平さんの長広舌の台詞は現代音楽。。素敵なたとえですね.難しい事はわかりませんが、平さんの銀メガネはいかがわしさとエレガントさのさじ加減が絶妙でもう名人芸と思いました.眼鏡の下に隠されたいろんな欲望を、ゴロちゃんがこどもの無邪気さとクルクルかわる気分表情でゆったりとかわす、二人のハーモニーが初めて見る感じで。私の中にあったアングラっぽい表現のカタチを気持ちよく裏切ってくれました。窪田君の文語調のせりふも大層萌えましたーー「まする」とかね。

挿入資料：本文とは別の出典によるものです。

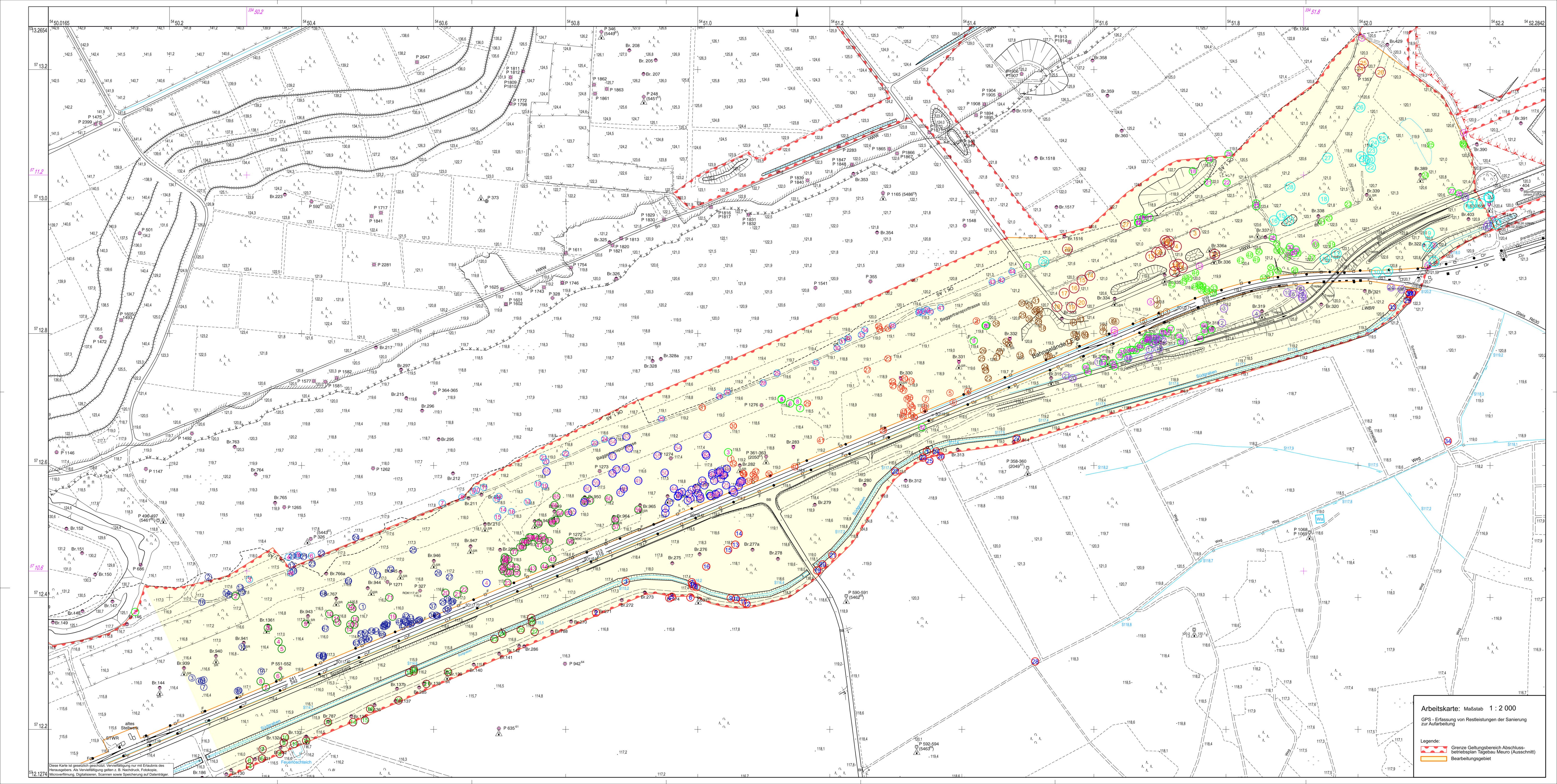 Die Dokumentation und Erstellung eines groben Mengengerüstes sind aktuell Gegenstand der Bearbei-tungen. Alle Ergebnisse werden ab-schließend in thematischen Karten und Übersichtsplänen erfasst und dar-gestellt

今日は深海のダイオウイカでもみてこの興奮をクールダウンしてきます!
ではでは、朝から失礼しました。

こんにちは♪

ねむり箱さんは日祝出勤なのですね~日頃も家事とかあるからなかなか休んだ気がしないのではないですか?私も今、昼休憩中なのですか結構ヘロヘロです~
で、平さんと窪田くんコンビはじいと孫な雰囲気濃厚で、凄くポップというか庶民的な感じでしたねぇ。あれで和みましたが、実は登場場面の肩幅にもやられてまして、青年と子供の間で揺れる窪田くんの様子もまたよしでした!